A obra mistura poesia, cinema, teatro, e mergulha na estética hip-hop para repensar e denunciar o racismo em um tom dramático quase narrativo, influenciado pela linguagem do spoken word (forma de fala recitativa), próxima ao canto do rap, com ritmo cortante e lirismo com temas periféricos que organiza todo o espetáculo. Os quatro personagens são múltiplas vozes que formam uma voz que ecoa várias, “muitos membros em um só corpo”. Também as variações de ritmo do texto, a recitação e os efeitos da filmagem, localiza os atores numa encenação rimada no âmbito do hip hop, o que já é esperado de Roberta Estrela D’alva, por ser precursora do Poetry Slam (batalha de poesia falada) no Brasil, e por desenvolver o conceito sobre teatro-hip hop e ator-mc, que literalmente une os elementos do teatro e os elementos da cultura Hip Hop.

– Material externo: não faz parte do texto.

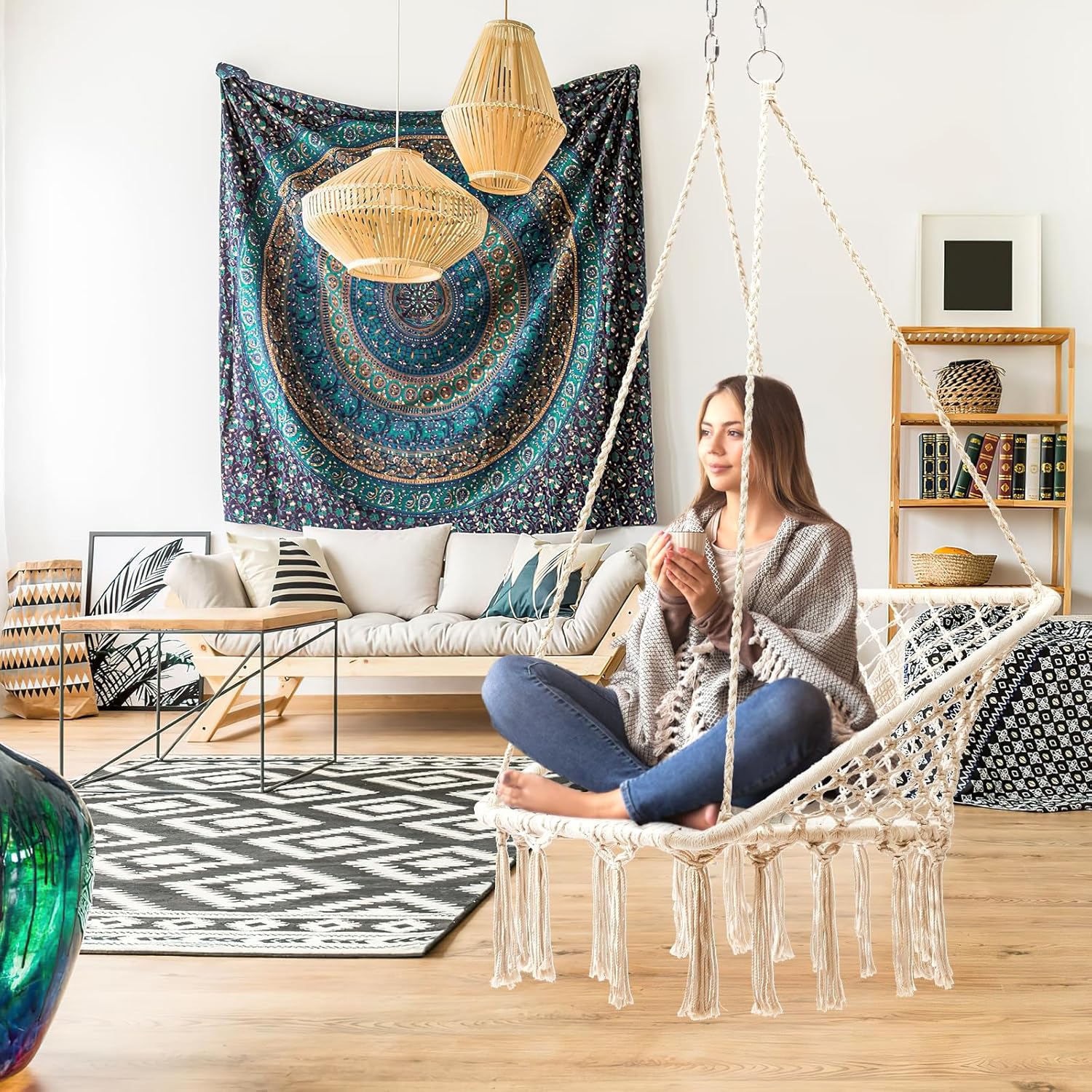 SILLA COLGANTE CUADRO TEJIDA EN HILO ALGODON MACRAME

O palco, a iluminação, a narração e o ritmo se fazem muito presentes em todo o desenvolvimento da história. Trazendo assim muitos elementos do teatro épico, como os elementos cênicos expostos, a canção de músicas, quebra da quarta parede, atores narradores etc. Elementos esses também presentes no conceito do teatro hip-hop, vertente muito trabalhada por Roberta em sua carreira artística.
Como a obra foi desenvolvida em meio a pandemia, Roberta une a linguagem teatral com a linguagem digital resultando em uma peça-filme adaptada para as telas, que abusa da disponibilidade visual de mídias como filmagens, fotografias, sons, cortes e transições, o que influencia fortemente na experiência tanto do ator, quanto do espectador.
Ao tratarmos do lugar dos atores, que estão longe da energia da plateia, vemos que mesmo assim a obra fica entre ser uma peça e um filme, já que toda a estética da filmagem ainda se dá em um palco, com os contras e os microfones à vista. Diferente da peça ao vivo, onde eles tem que olhar para várias pessoas, em diferentes lugares na plateia, quando os atores olham para uma câmera, a sensação para quem assiste é de estar sendo olhado nos olhos, trazendo uma relação mais individual e intimidadora.
Como telespectadora foi uma experiência mais distanciada, por estar no conforto do meu quarto, sozinha, apenas com os olhos e ouvidos focados, deixando o resto do meu corpo estático, o que diminui o efeito da presença do corpo vivo em um ambiente totalmente diferente da proposta, em contrapartida com os quatro atores, em pé, contando histórias de pessoas que foram retiradas de seus lares e obrigadas a viver em função de uma doutrina branca.
Mesmo assim, torna-se muito válida a experiência da peça-filme pensando em um contexto de pandemia e negacionismo no país, o que também nos faz refletir sobre os privilégios das pessoas brancas e a denúncia do racismo estrutural.